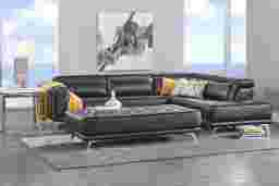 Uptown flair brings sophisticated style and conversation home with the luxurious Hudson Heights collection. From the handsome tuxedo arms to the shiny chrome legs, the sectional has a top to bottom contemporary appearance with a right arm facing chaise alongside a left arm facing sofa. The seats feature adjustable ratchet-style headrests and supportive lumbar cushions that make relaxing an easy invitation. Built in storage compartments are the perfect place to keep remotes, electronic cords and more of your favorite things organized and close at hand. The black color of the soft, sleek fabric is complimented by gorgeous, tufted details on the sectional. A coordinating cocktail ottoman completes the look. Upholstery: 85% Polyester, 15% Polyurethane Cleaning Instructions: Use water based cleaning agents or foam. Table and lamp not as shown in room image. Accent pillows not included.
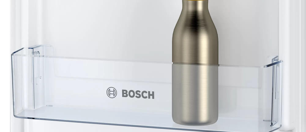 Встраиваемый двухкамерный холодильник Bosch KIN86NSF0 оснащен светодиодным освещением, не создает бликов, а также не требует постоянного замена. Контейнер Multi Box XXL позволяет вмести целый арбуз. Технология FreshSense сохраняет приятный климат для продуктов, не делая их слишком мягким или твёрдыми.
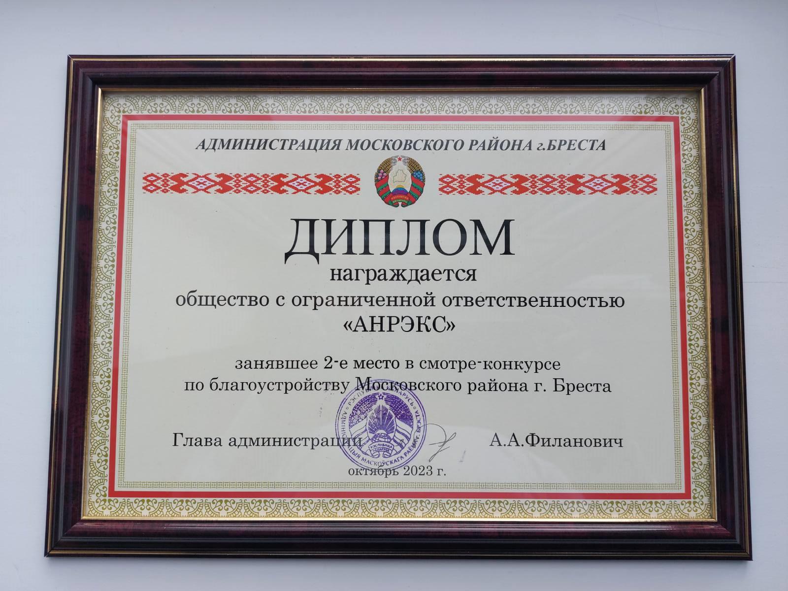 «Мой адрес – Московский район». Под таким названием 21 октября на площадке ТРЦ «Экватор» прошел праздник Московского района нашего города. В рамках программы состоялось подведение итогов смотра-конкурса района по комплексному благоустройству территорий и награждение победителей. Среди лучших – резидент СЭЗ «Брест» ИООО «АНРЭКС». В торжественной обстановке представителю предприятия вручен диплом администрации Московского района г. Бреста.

---

- About this task: With the pictures omitted, print each line of the data above precisely as given.

- Answer section:
 Uptown flair brings sophisticated style and conversation home with the luxurious Hudson Heights collection. From the handsome tuxedo arms to the shiny chrome legs, the sectional has a top to bottom contemporary appearance with a right arm facing chaise alongside a left arm facing sofa. The seats feature adjustable ratchet-style headrests and supportive lumbar cushions that make relaxing an easy invitation. Built in storage compartments are the perfect place to keep remotes, electronic cords and more of your favorite things organized and close at hand. The black color of the soft, sleek fabric is complimented by gorgeous, tufted details on the sectional. A coordinating cocktail ottoman completes the look. Upholstery: 85% Polyester, 15% Polyurethane Cleaning Instructions: Use water based cleaning agents or foam. Table and lamp not as shown in room image. Accent pillows not included.
 Встраиваемый двухкамерный холодильник Bosch KIN86NSF0 оснащен светодиодным освещением, не создает бликов, а также не требует постоянного замена. Контейнер Multi Box XXL позволяет вмести целый арбуз. Технология FreshSense сохраняет приятный климат для продуктов, не делая их слишком мягким или твёрдыми.
 «Мой адрес – Московский район». Под таким названием 21 октября на площадке ТРЦ «Экватор» прошел праздник Московского района нашего города. В рамках программы состоялось подведение итогов смотра-конкурса района по комплексному благоустройству территорий и награждение победителей. Среди лучших – резидент СЭЗ «Брест» ИООО «АНРЭКС». В торжественной обстановке представителю предприятия вручен диплом администрации Московского района г. Бреста.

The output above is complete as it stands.